The result? We have no choices. Damned if we do, damned if we don’t.
We have taken a 3 page application that would take less time to create than I’ve spent writing this blog post (and that some people would really like to have) and backed ourselves into a corner due to nothing more than Microsoft’s UX back-stack approval regulations.
We’ll have to build this incredibly simple application a totally different way. A way, I should note, that will confuse the user and complicate something that should extremely easy.

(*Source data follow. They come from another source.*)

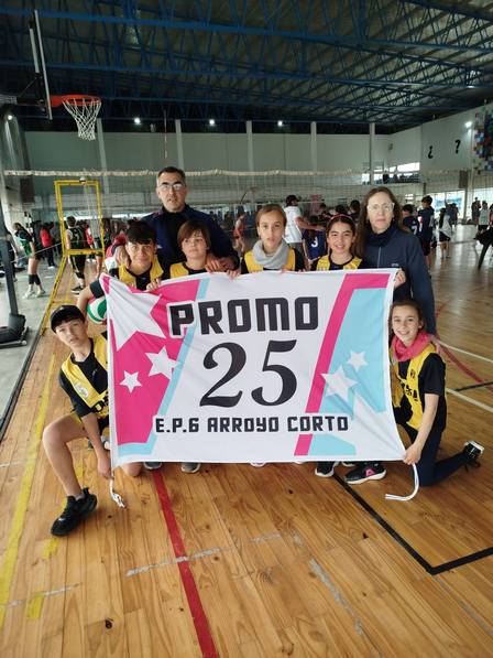 Representando a la Escuela Primaria Número 6 Nuestra Señora del Carmen los jugadores del equipo de vóley dirigidos por el Profesor Ernesto Villalba continúan con su actividad en instantes.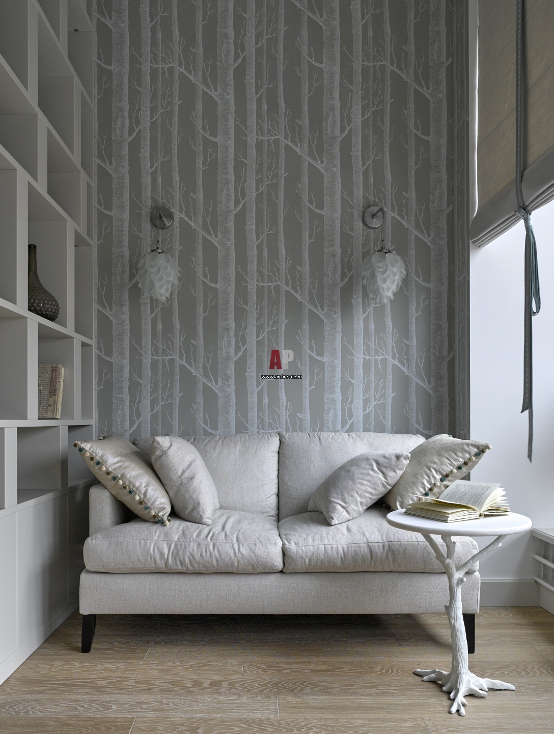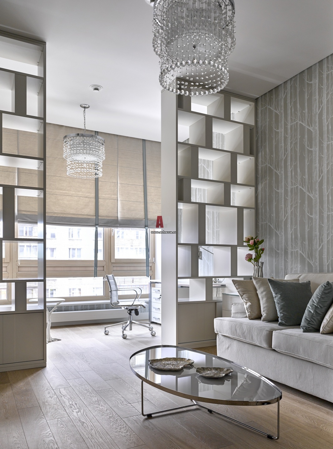 В интерьере детской в серо-серебристых тонах английские обои Cole & Son с рисунком в виде белых деревьев на светлом сером фоне. Люстры, Uttermost. Журнальный столик, Cattelan Italia, поставщик Charles.Cameron. Автор проекта Ольга Кушнарева-Леоне. Подробнее об объекте здесь.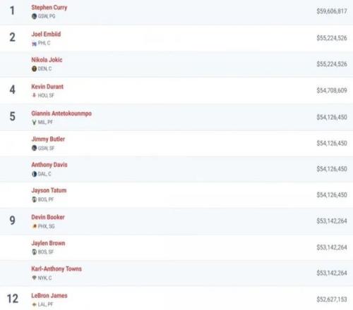 今日美媒HoopsHype发文统计了NBA球员的税后工资(指球员在扣除联邦税、州税、地方税和运动员税后的实际收入),具体如下(由高到低):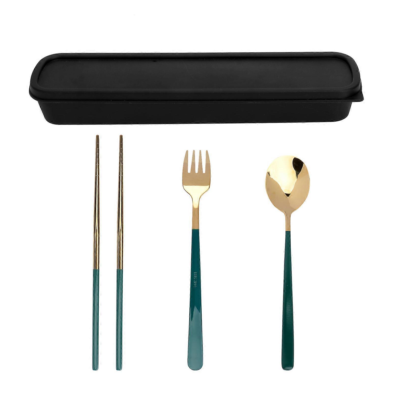 1 Set Stainless Steel Flatware Set,Portable Tableware Fork Spoon Chopsticks,304 Set,Reusable Chopsticks Dessert Fork Dinner Rice Spoon Gold Suit For

My point here is simple and larger than the issues with the back-stack:
You cannot strictly enforce a specific user experience across all user possibilities.
Each application should know its own users. Each application needs to be able to create a user experience that is specific to its users’ needs . Otherwise, this process will stifle creativity and sap energy. Imagination will fly out the window (pun intended) as the app will be unable to pass the UX guidelines. And users will be poorer for it.
Some of the Microsoft UX acceptance guidelines make sense. I understand the need for some degree of uniformity in the Windows Phone 7 ecosystem and I’m all for spiking an application that has inconsistent or broken navigation. But I’m working with clients who are getting pretty upset because we made some very common-sense UX decisions that are being spiked by the Microsoft application acceptance process.
Humbly, I propose the following:
- Get rid of most of the onerous back button requirements. – Sure, require that the application provide a consistent “back” experience throughout the application. But outside of that, let the UX designers do their jobs.
- Allow access to the back-stack. – We’ve run into a set of extremely frustrating scenarios where the user ABSOLUTELY NEEDS to use an application a certain way, but doing so messes up the back-stack so that the back button functionality doesn’t allow the app to pass.
- Allow the developer to exit the application. – I’ve seen developers hamstrung with situations like this that could have been simply solved if only they were allowed to exit their own applications.
- Lighten the hell up. – I’m going to speak plainly, Microsoft, and it’s because I love you. You are not Apple. Apple attracted some people who were willing to put up with their approval BS for a long time because they loved the iPhone. And because they were early to the game, they weren’t losing devs to other platforms. Although, you may note, I think they did end up losing devs to Android over time in no small part because Android basically doesn’t want their apps to crash. Outside of that, they let the market decide what is worth keeping and what isn’t.
Regarding the issue of winning over mobile developers, I want to make this as clear as possible:
Windows Phone 7 is, as we speak, losing fantastic applications because of its approval process.
I can’t overestimate how frustrated my clients are with the Microsoft approval process. It ranges from sadness to fury. Clients who are on virtually all other platforms are expressing frustration that they have never had so much trouble getting through an approval process. The rejection reports are inconsistent, spotty, and fragmented. We will submit an app 5 times and get different “errors” back each time. Nine times out of ten, those errors are not errors, but complaints about UX functionality. Of those, at least half of them are complaints about functionality that, if fixed, would worsen the user experience.
I love Microsoft and I love Windows Phone 7, but rejecting apps based on the UX guidelines (while not giving us the tools to abide by the guidelines effectively) is a recipe for suicide.